How do you decide whom to trust? Because there are unscrupulous people in the world, how do you determine that requesters are who they say they are?
Follow along as we discuss three ways to determine user identity -- two of them are old (in computer-industry terms), "trusted" friends and one relies on relatively new technologies.
At first glance, establishing a requester's identity seems simple. It is predicated on answering one or more of these three basic questions:
- What do you know? Knowledge is a traditional pass key into a secure system. The ubiquitous username and password prompt is the most common identity challenge; even when computers communicate with other computers, they typically start by verifying knowledge of some previously agreed-upon bit of information. This passphrase method of identification is much older than computers -- it is a "social" means of identification.
- What do you have? The lowly key, the foundation of security since ancient times, is a form of ownership challenge. Any person possessing the key to a lock can open that lock. Now, ATM and credit cards fulfill similar purposes. It is a "material" means of identification. (This question extends beyond simple identification into several other areas of security.)
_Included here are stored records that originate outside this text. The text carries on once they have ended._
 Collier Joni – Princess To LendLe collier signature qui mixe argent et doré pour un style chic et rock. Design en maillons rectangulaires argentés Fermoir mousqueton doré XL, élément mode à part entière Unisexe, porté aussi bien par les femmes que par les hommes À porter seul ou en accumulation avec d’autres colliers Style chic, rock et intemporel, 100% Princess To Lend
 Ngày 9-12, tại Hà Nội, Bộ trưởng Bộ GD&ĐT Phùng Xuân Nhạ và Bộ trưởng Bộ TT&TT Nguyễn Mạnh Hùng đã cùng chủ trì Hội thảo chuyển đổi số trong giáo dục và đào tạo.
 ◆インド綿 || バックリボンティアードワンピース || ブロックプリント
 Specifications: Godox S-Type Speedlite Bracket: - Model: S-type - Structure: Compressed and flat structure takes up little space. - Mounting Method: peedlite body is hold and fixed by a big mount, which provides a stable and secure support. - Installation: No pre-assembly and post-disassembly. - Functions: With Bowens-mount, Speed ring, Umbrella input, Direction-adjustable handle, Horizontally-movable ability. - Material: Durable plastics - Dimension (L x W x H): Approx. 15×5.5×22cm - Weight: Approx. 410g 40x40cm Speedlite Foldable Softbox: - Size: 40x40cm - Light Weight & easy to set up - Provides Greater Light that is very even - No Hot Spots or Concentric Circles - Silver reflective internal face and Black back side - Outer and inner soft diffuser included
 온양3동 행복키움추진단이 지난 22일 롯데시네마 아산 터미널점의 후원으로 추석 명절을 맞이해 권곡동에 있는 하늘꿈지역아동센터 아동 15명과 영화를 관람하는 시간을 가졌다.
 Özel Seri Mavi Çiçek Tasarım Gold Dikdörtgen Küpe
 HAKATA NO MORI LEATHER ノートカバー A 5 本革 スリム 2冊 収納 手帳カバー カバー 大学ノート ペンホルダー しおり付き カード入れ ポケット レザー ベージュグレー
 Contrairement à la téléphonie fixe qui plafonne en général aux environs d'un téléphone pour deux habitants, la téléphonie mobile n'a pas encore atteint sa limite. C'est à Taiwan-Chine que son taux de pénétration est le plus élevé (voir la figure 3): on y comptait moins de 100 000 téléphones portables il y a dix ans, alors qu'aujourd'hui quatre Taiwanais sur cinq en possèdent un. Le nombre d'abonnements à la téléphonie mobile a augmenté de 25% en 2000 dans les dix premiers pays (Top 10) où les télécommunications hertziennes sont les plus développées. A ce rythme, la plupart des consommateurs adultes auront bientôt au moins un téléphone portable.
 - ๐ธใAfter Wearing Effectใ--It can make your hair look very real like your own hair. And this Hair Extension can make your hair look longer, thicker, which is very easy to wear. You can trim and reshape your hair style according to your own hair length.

- What are your characteristics? When speaking in general terms, using relatively immutable physical characteristics as identifiers (biometrics) is the oldest form of identifier; it comes from pre-verbal society. Case in point: before a newborn can speak (or even focus its sight or understand the concept of ownership), it recognizes its mother by the tone of her voice -- it is a "biological" means of identification. In terms of technology, biometrics is a relatively new method of identification. Efforts abound to make it readily available, though, because it can be the most reliable means of identification -- it is exceptionally difficult to change or counterfeit your physical characteristics.
In all their myriad forms and formats, these three questions can help verify a person's identity to any level of certainty you require. The specific question or questions asked and the form in which the challenge is presented determine how difficult it is to fool the system and how reliable the identification is.
Let's examine each question in detail.
Passwords, secret gestures, hidden signals, secret codes. All of these are answers to the question "What do you know?" That this question is necessarily overt makes it the one most often associated with security.
There are many ways to challenge a user on the basis of shared knowledge:
- The most common way is simply to ask the user to repeat the shared item, whether it is a password, a secret phrase, or some other hidden bit of information.
- The next most common method is to refuse to acknowledge any request that doesn't embody the secret knowledge.
- Another means is to make the existence of the secured entity itself the shared secret.
Each of these challenges has its own strengths and weaknesses; each is appropriate in different situations.
Simply asking the user is the most common method of knowledge challenge. The simplicity and overtness of this method ensures that nobody attempts to access the secured entity without knowing that it is, indeed, restricted; it simultaneously reduces the burden on the persons creating and maintaining the system.
This method is not terribly resistant to attack. Malicious users can monitor communications in hopes of catching another user entering a response, attempt random responses until one works, or use a wide variety of other techniques to guess or obtain a valid response.
For this reason, this method should never be the only means of authentication used in a sensitive system. Other means of identification, including other methods of knowledge challenge, should be used as a secondary verification. While the ubiquitous password prompt is the prime example of this method of knowledge challenge, there are other options, including some of the questions asked during a Diffie-Hellman key-agreement sequence between secure systems.
Refusing to acknowledge any request that does not embody the shared secret is another common method for establishing a knowledge challenge. This method involves establishing the format of the request, the source and/or destination, or some other characteristic in advance.
If a request comes in that does not fit the expected profile, then the request can be ignored, refused, or re-routed. Business-to-business transactions often use this means because each can establish stable source IPs and agree on fixed and obscure formats (obscure to humans).
While this is a fairly effective means of knowledge challenge, it suffers from a serious weakness. If the shared secret is ever deduced by an attacker, the security breach can be exceptionally difficult to detect.
The use of a secret handshake -- common among secret societies -- is one example of this type of challenge. Another example is the use of restricted source-addresses in many B2B systems.
Hiding the existence of the secured entity, often referred to as security through obscurity, is used commonly in the physical realm. This method relies on the fact that it can be difficult to find something if you don't know that it exists.
While this can be an effective technique, it is almost never adequate by itself. The prudent designer will add at least one additional identity check before permitting access to the secured entity, just in case someone stumbles across it unintentionally. In electronic systems it is even more crucial that additional authentication be included, because it is relatively common to use automated search tools to find locations not previously known.
The Java platform provides some interesting support for knowledge challenges and some interesting challenges as well.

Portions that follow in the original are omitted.